● How to complete this task
What follows is a set of records; repeat them exactly, without the pictures.

● Records for processing
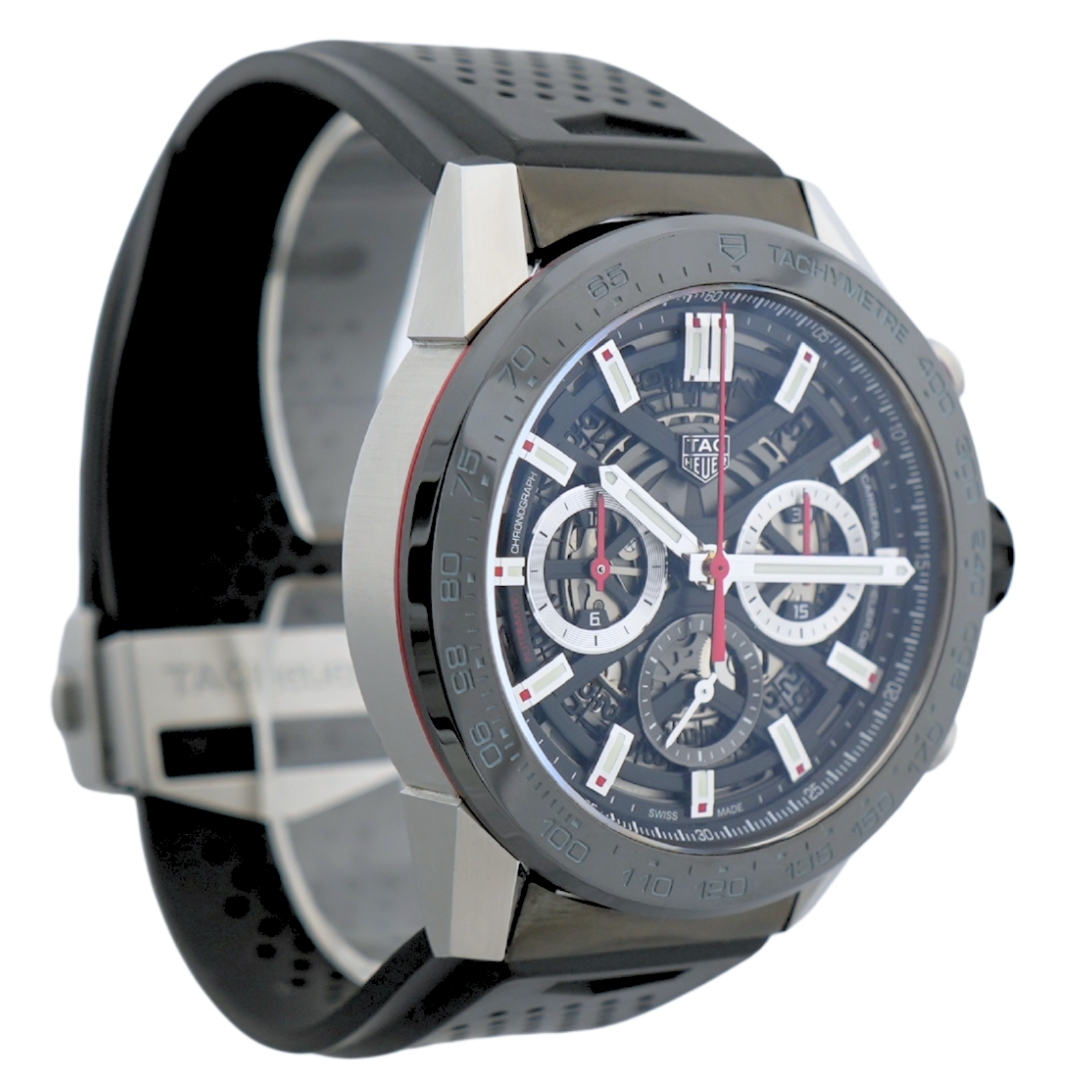 A Tag Heuer Carrera Watch, presented on a robust black rubber strap with a stainless steel case and clasp, showcases a striking black ceramic bezel and skeleton dial. This bold 45mm chronograph is powered by Tag Heuer’s in-house calibre Heuer 02 automatic movement, offering an impressive 80-hour power reserve and a column wheel chronograph mechanism for smooth precision.
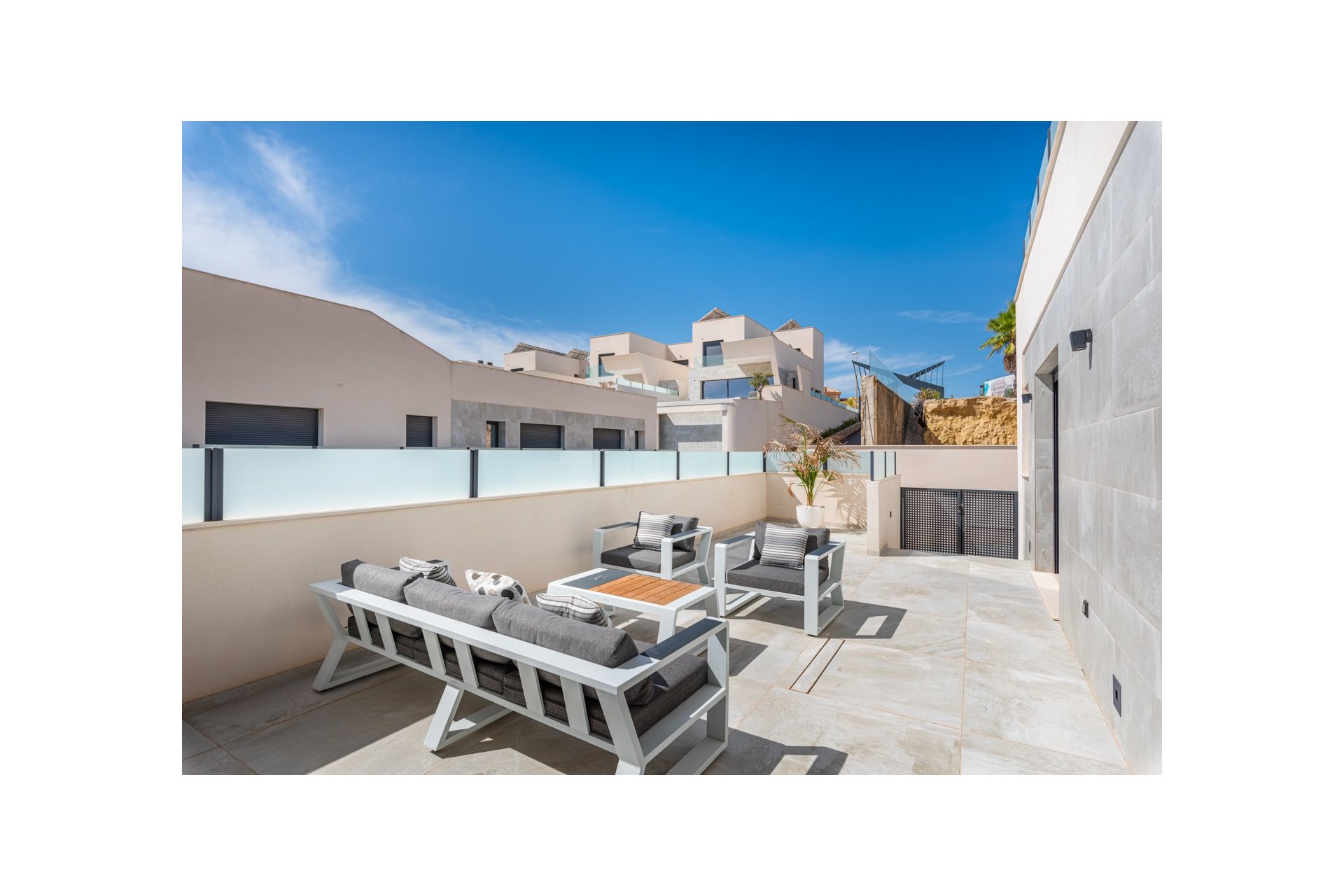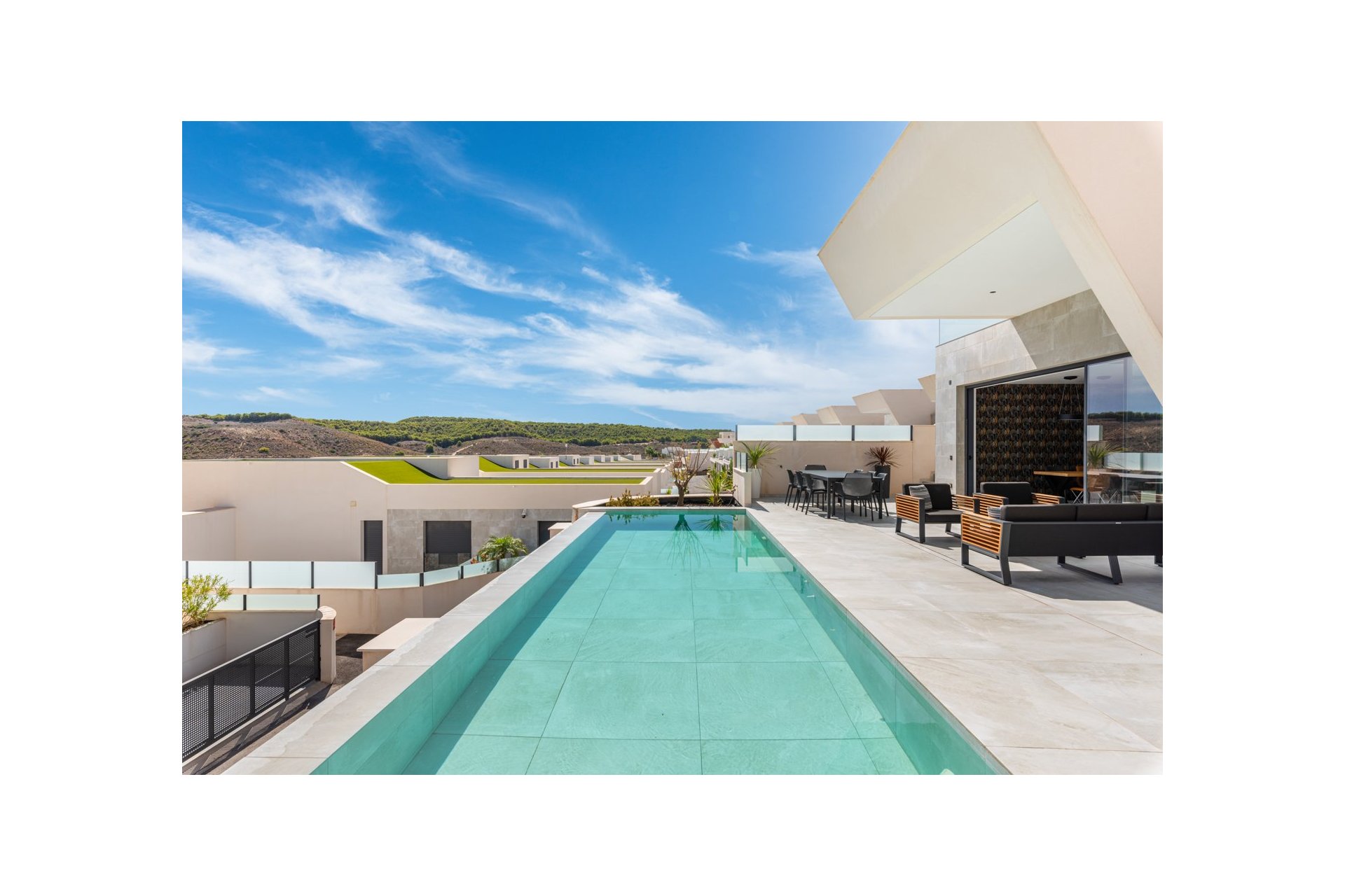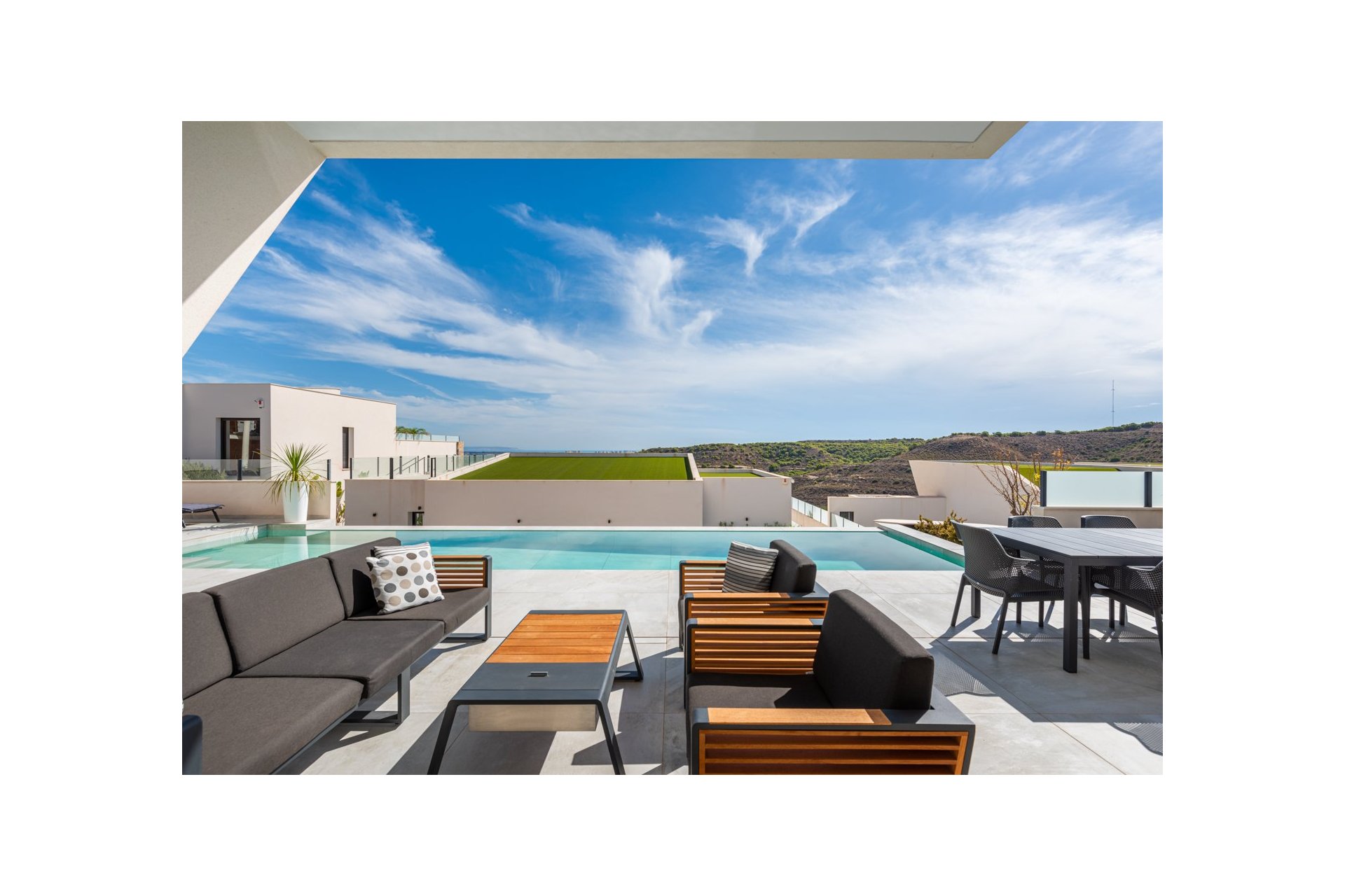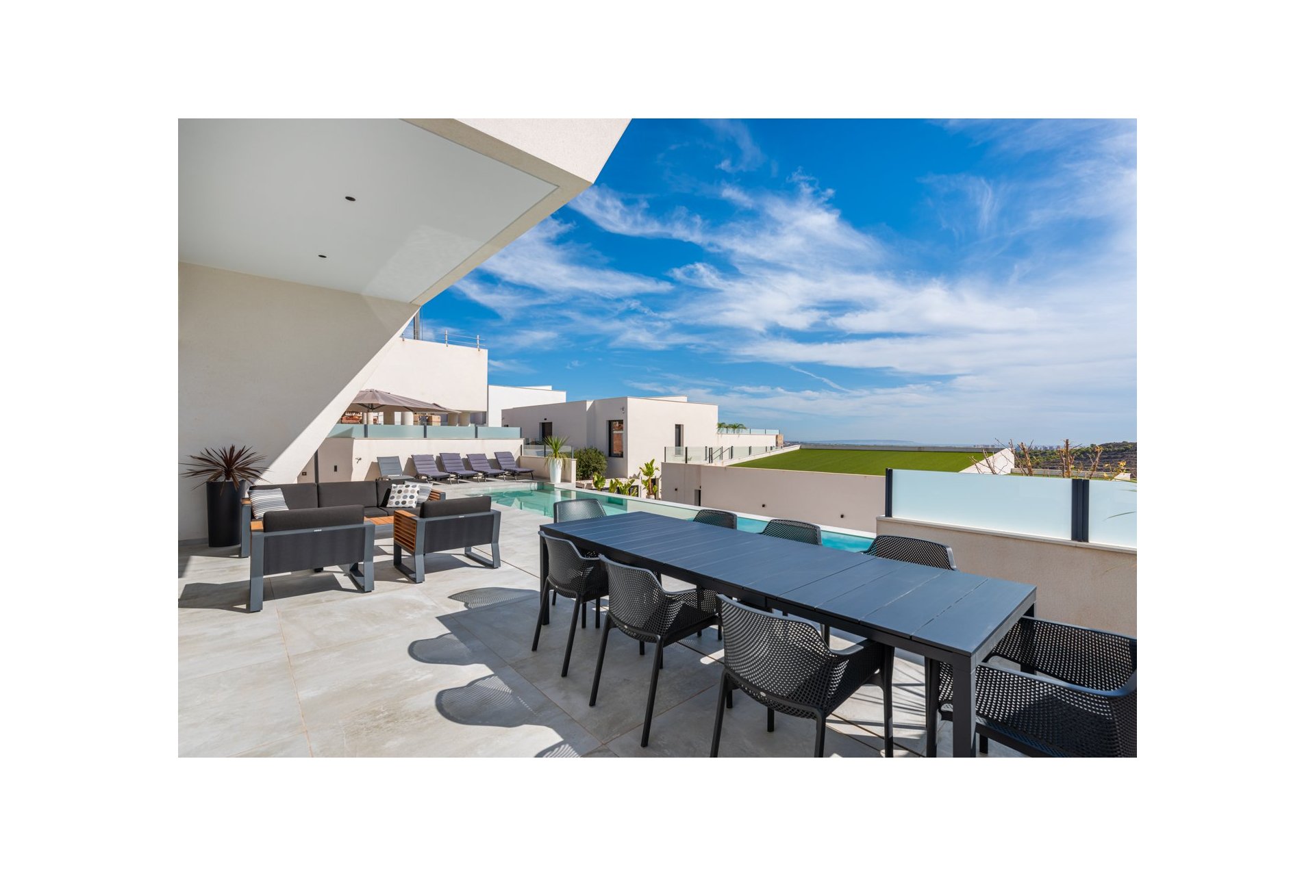 Willa położona jest na uroczej narożnej działce o powierzchni 462 m2. Basen jest skierowany na wschód, co zapewnia niesamowite widoki na okolicę i morze. Wokół basenu znajduje się piękny, wyłożony kafelkami obszar z miejscem na kilka miejsc do siedzenia na świeżym powietrzu i leżaki. Z basenu masz zewnętrzne schody prowadzące na duży taras na dachu. Tutaj masz jedną część wyłożoną kafelkami, a drugą część ze sztuczną trawą, obie z dużą ilością miejsca na rozrywkę na świeżym powietrzu i niesamowitymi widokami.
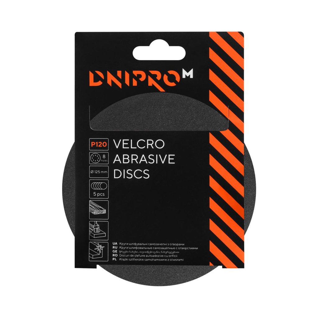 Brúsny kotúč na suchý zips P120 8 dr. 125 22,2 mm 5 ks. Dnipro-M
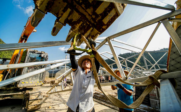 目前,災(zāi)后重建工作正在有序的進(jìn)行,利用起重設(shè)備配合吊裝帶完成倒塌房屋構(gòu)件及物資的吊裝,省時(shí)省力,加快重建速度。
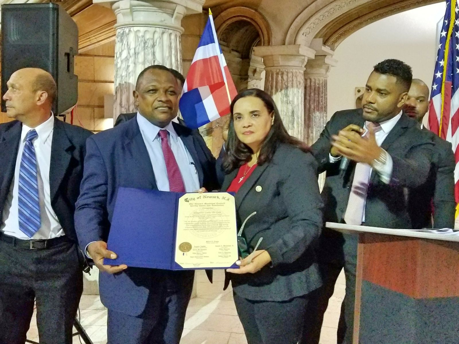 El pergamino de reconocimiento fue emitido por el Concejo Municipal de la Ciudad de Newark, firmado por su presidenta Mildred C. Crump, quien elogió el desarrollo positivo de la comunidad dominicana en Newark.

● Answer to this problem
 A Tag Heuer Carrera Watch, presented on a robust black rubber strap with a stainless steel case and clasp, showcases a striking black ceramic bezel and skeleton dial. This bold 45mm chronograph is powered by Tag Heuer’s in-house calibre Heuer 02 automatic movement, offering an impressive 80-hour power reserve and a column wheel chronograph mechanism for smooth precision.
 Willa położona jest na uroczej narożnej działce o powierzchni 462 m2. Basen jest skierowany na wschód, co zapewnia niesamowite widoki na okolicę i morze. Wokół basenu znajduje się piękny, wyłożony kafelkami obszar z miejscem na kilka miejsc do siedzenia na świeżym powietrzu i leżaki. Z basenu masz zewnętrzne schody prowadzące na duży taras na dachu. Tutaj masz jedną część wyłożoną kafelkami, a drugą część ze sztuczną trawą, obie z dużą ilością miejsca na rozrywkę na świeżym powietrzu i niesamowitymi widokami.
 Brúsny kotúč na suchý zips P120 8 dr. 125 22,2 mm 5 ks. Dnipro-M
 目前,災(zāi)后重建工作正在有序的進(jìn)行,利用起重設(shè)備配合吊裝帶完成倒塌房屋構(gòu)件及物資的吊裝,省時(shí)省力,加快重建速度。
 El pergamino de reconocimiento fue emitido por el Concejo Municipal de la Ciudad de Newark, firmado por su presidenta Mildred C. Crump, quien elogió el desarrollo positivo de la comunidad dominicana en Newark.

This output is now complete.